In the 60s children’s cartoon “The Jetsons,” Rosie the Robot was featured as a futuristic mechanical maid who cleaned the clutter of the household, much to the delight of the time-strapped housewife. At that time, the idea of a robot assistant was a vision of the distant future where technology would eliminate the responsibilities of cleaning. But now, over 50 years later, a team of computer scientists has taken steps toward making this a reality.
Meet TidyBot: a robot composed of a claw and an arm stuck into a rectangular base that cleans your room by learning your individual preferences. For example, suppose you tell the robot that it should place books in the drawer and pens on your desk. TidyBot not only puts the books and the pens in the right place but is also able to infer where you would like other items to be placed.
The robot does this using a pre-built large language model, like OpenAI’s ChatGPT. The examples are fed into the large language model to generate more general rules. This allows the robot to be able to clean up new objects that were not part of the input examples given by the user.
“Tidybot is a fascinating project that builds on and generalizes advances in language, vision and robotics,” said Sanmi Koyejo, an assistant professor of computer science at Stanford and the lead of the Stanford Trustworthy AI Research (STAIR) group, which is unaffiliated with the study. “Getting all of these to work separately is challenging. Getting all of them to work together is really impressive.”
He added that, “Outside of its general usefulness, this work highlights a promising path for integrating some of the cutting-edge foundation models into new and innovative use cases.”

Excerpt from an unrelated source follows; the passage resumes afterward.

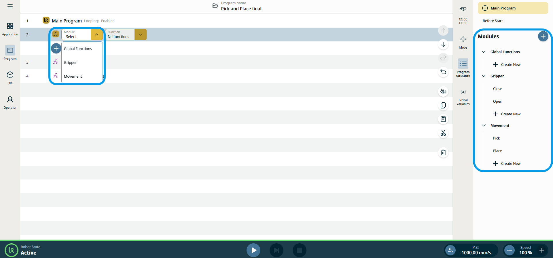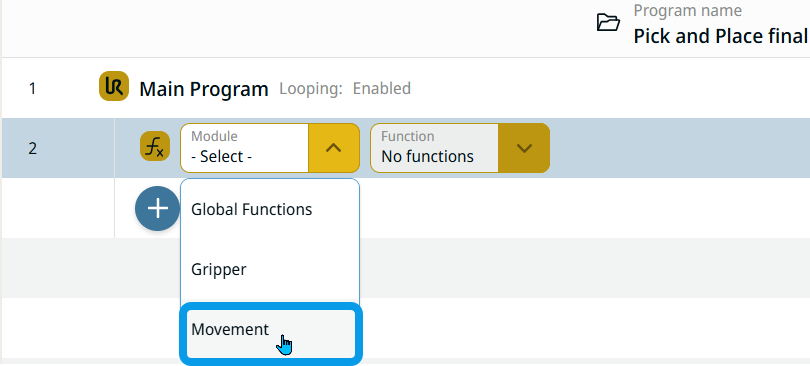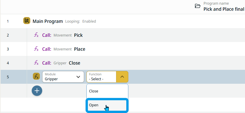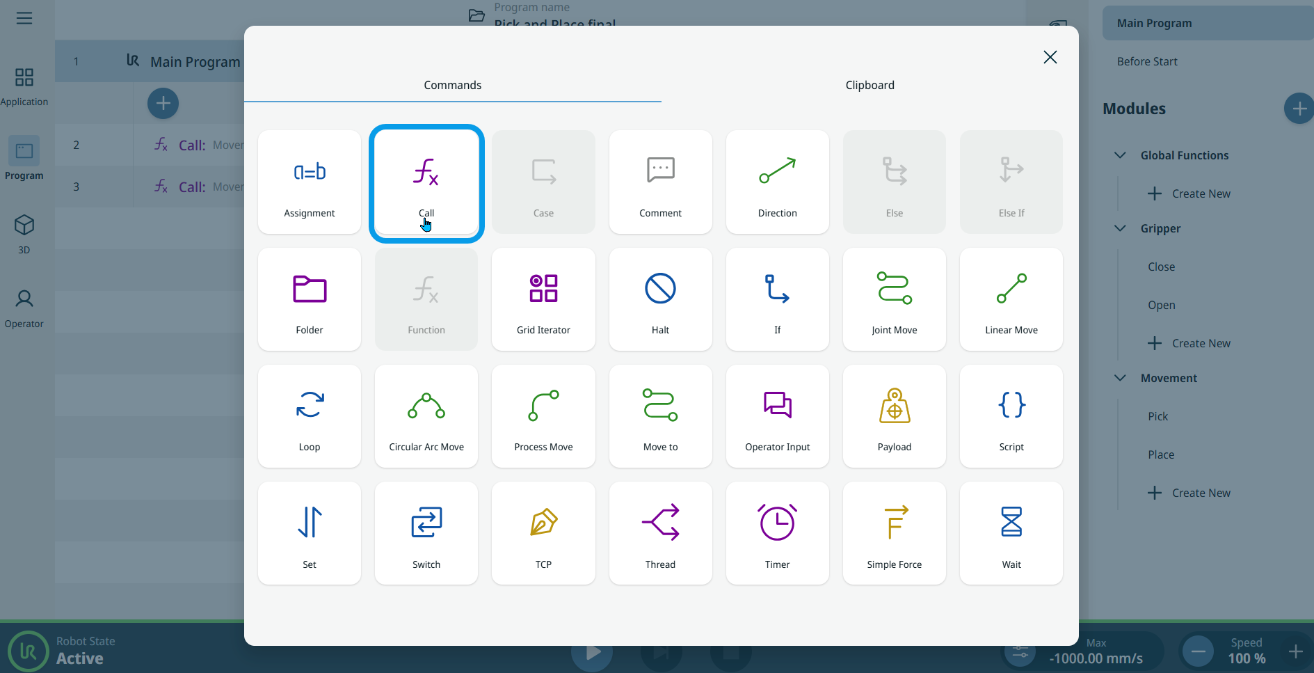 The Call command enables you to execute and run created global functions and modules, which are seen in the multitask screen. To use this command, a prior program creation using modules and functions is a requisite. In Modules and Functions, you can read how to set up commands and group them into modules and functions. The sections Gripper Module and Movement Module provide details about each. The sections Open/Close functions and Pick/Place functions provide details.

Tackling real world challenges
Transitioning from a lab environment to the unpredictable cluttered landscape of a real home is not a trivial leap, but one that the researchers say they were determined to make with TidyBot.

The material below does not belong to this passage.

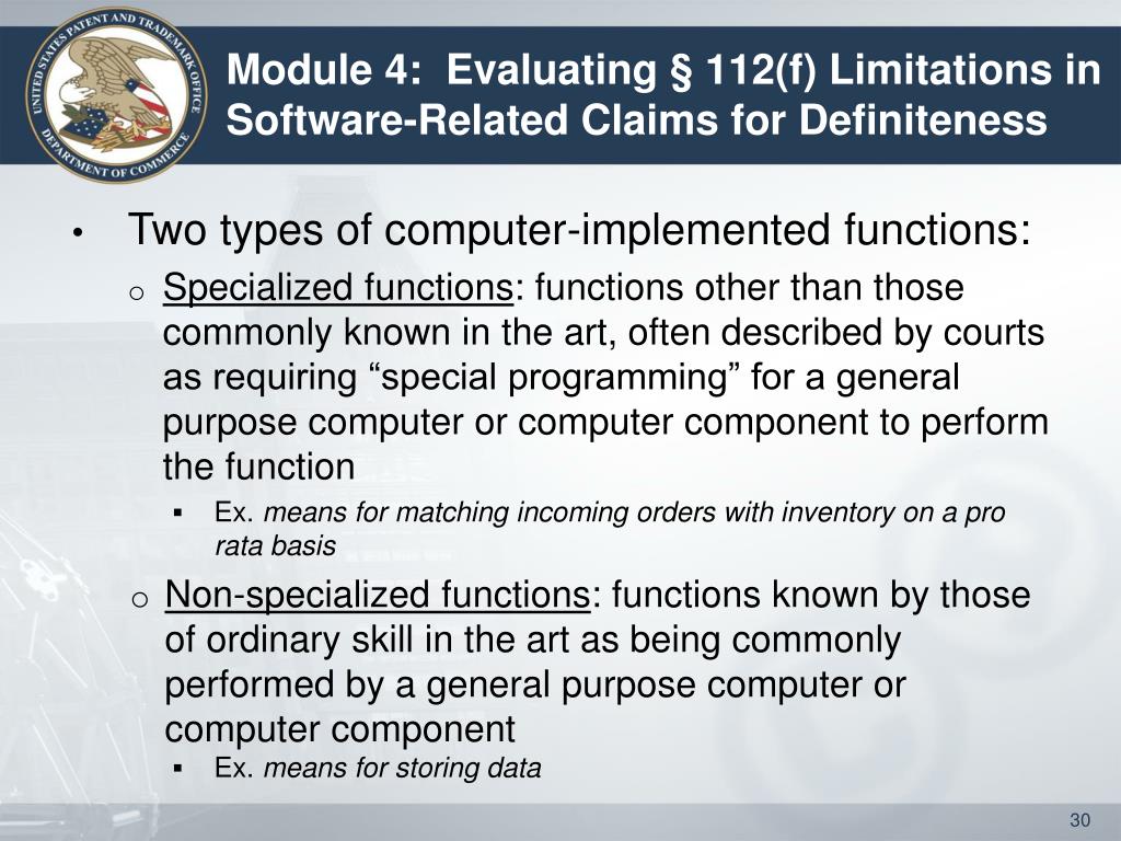 Module 4: Evaluating § 112(f) Limitations in Software-Related Claims for Definiteness • Two types of computer-implemented functions: • Specialized functions: functions other than those commonly known in the art, often described by courts as requiring “special programming” for a general purpose computer or computer component to perform the function • Ex. means for matching incoming orders with inventory on a pro rata basis • Non-specialized functions: functions known by those of ordinary skill in the art as being commonly performed by a general purpose computer or computer component • Ex. means for storing data

“We did make various simplifying assumptions to be able to build a system that works in our lab, and so to make it kind of more general for the real world, we had to remove some of those assumptions,” said Jimmy Wu, an author of this study.

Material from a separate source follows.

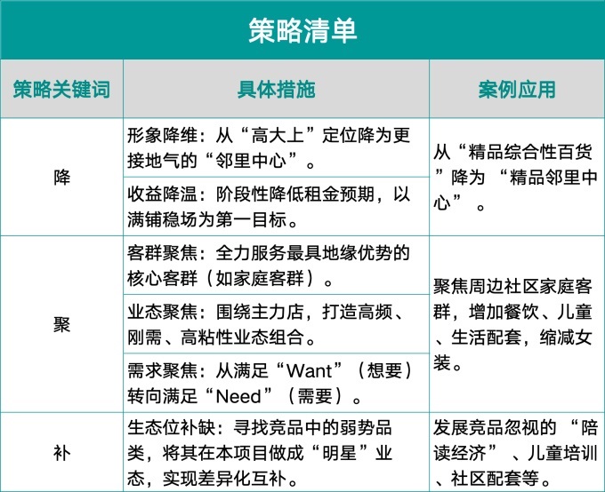基于調(diào)研結(jié)論,制定新戰(zhàn)略,核心是“降、聚、補” 三字訣。

For example, instead of using standardized objects with a known size, they used objects that would be found in real-world settings, such as a messy apartment. “We wanted to bring shoes and toys and clothing from our own homes and work with these things,” said Rika Antonova, a postdoctoral fellow at Stanford and an author of this study.
According to Antonova, TidyBot being small and agile minimizes the risk it poses to adults, but questions about its behavior around vulnerable populations, such as small children, remain.
To help minimize these issues, the robot has various safety checks in place. “On the bottom of the robot, there are these touch sensors that ensure that whenever it bumps into anything, it’s going to immediately stop everything,” Wu said.
In addition, Wu says the position of the robot is meticulously checked by the computer program to ensure that the robot is where it is supposed to be. “If the controller is kind of going unstable and moving the robot to where [it] shouldn’t go, then we’ll stop the robot immediately,” Wu said.
While TidyBot works with 85% accuracy, Wu and Antonova are quick to point out that they’re not rushing to commercialize. For one, the hardware used in the robot is very hard to come by. “We have this hardware, but … very few of them exist in the world with these particular capabilities,” Antanova said.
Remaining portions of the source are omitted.